Figure 6 presents the average Dice coefficients across all clinical cases, where the proposed method achieved 0.919 for brain and 0.926 for abdominal datasets, representing statistically significant improvements (p < 0.05, Wilcoxon signed-rank test) over all baseline methods. The distorted baseline images showed poor anatomical correspondence with average Dice scores of only 0.878 (brain) and 0.786 (abdomen), highlighting the severity of SS-EPI-induced geometric distortions. SyN, a diffeomorphic registration algorithm based on variational principles proposed in the ANTs toolkit (Avants 2009), has demonstrated excellent accuracy and topological preservation in numerous brain imaging comparison tasks. This explains SyN’s competitive performance, achieving average Dice of 0.893 in the brain dataset, ranking third after our method and SynthMorph. However, SyN’s advantage diminishes in abdominal imaging (Dice: 0.864), where the larger deformations may exceed its optimization capabilities. DINO-Reg, despite leveraging self-supervised vision transformers, achieved only 0.889 (brain) and 0.839 (abdomen), demonstrating that general-purpose features alone are insufficient for addressing DWI-specific distortions.

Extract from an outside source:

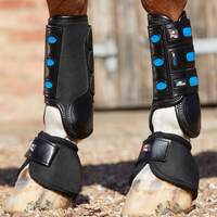 Made from a combination of 2520D ballistic nylon and microfibre leather. The strong yet supple microfibre leather covers the important parts of the boot, around the fetlock, straps and strike guard. They incorporate EVA lining, which is water resistant and helps prevent the boots retaining water and becoming heavy on the horse's leg. Excellent protective horse boots for the cross country phase.

Average Dice coefficients across the brain (10 cases) and abdominal (9 cases) datasets. Asterisks () indicate statistically significant differences compared to the proposed method (p < 0.05, Wilcoxon signed-rank test). The red bars highlight our LMBS-INR approach achieving 0.919 (brain) and 0.926 (abdomen) on the average Dice, significantly outperforming all baseline methods.*

The multi-b-value evaluation validated our approach of estimating deformation fields from b = 0 images and applying them across all diffusion weightings. Figure 7 demonstrates the brain DWI registration results across multiple b-values (b = 0, b = 200, b = 600, and b = 800). The orange contours, extracted via Canny edge detection (Canny 1986) from the FLAIR reference, provide clear visualization of anatomical boundaries. The proposed method maintains excellent alignment across all b-values, with the ventricle boundaries and cortical structures well matching the reference contours. In contrast, baseline methods show varying degrees of misalignment: SyN exhibits slight deviations in the occipital lobe region, while other baseline models (SynthMorph, TransMorph, VoxelMorph, MultiGradICON, and DINO-Reg) all demonstrate poor registration performance in the lateral brain regions as shown in the magnified view (bottom row). Our method achieves superior gray-white matter boundary preservation throughout. Figure 8 presents corresponding results for abdominal DWI across b-values (b = 0, b = 50, b = 200, and b = 600). The challenges in abdominal imaging are immediately apparent: larger organ deformations. Despite this complexity, LMBS-INR achieves remarkable alignment with the T2-SPIR reference (orange contours). The liver boundaries, kidney outlines, and spleen margins are accurately restored across all b-values. Other baseline models including SynthMorph, VoxelMorph, and DINO-Reg all exhibit clear misalignment.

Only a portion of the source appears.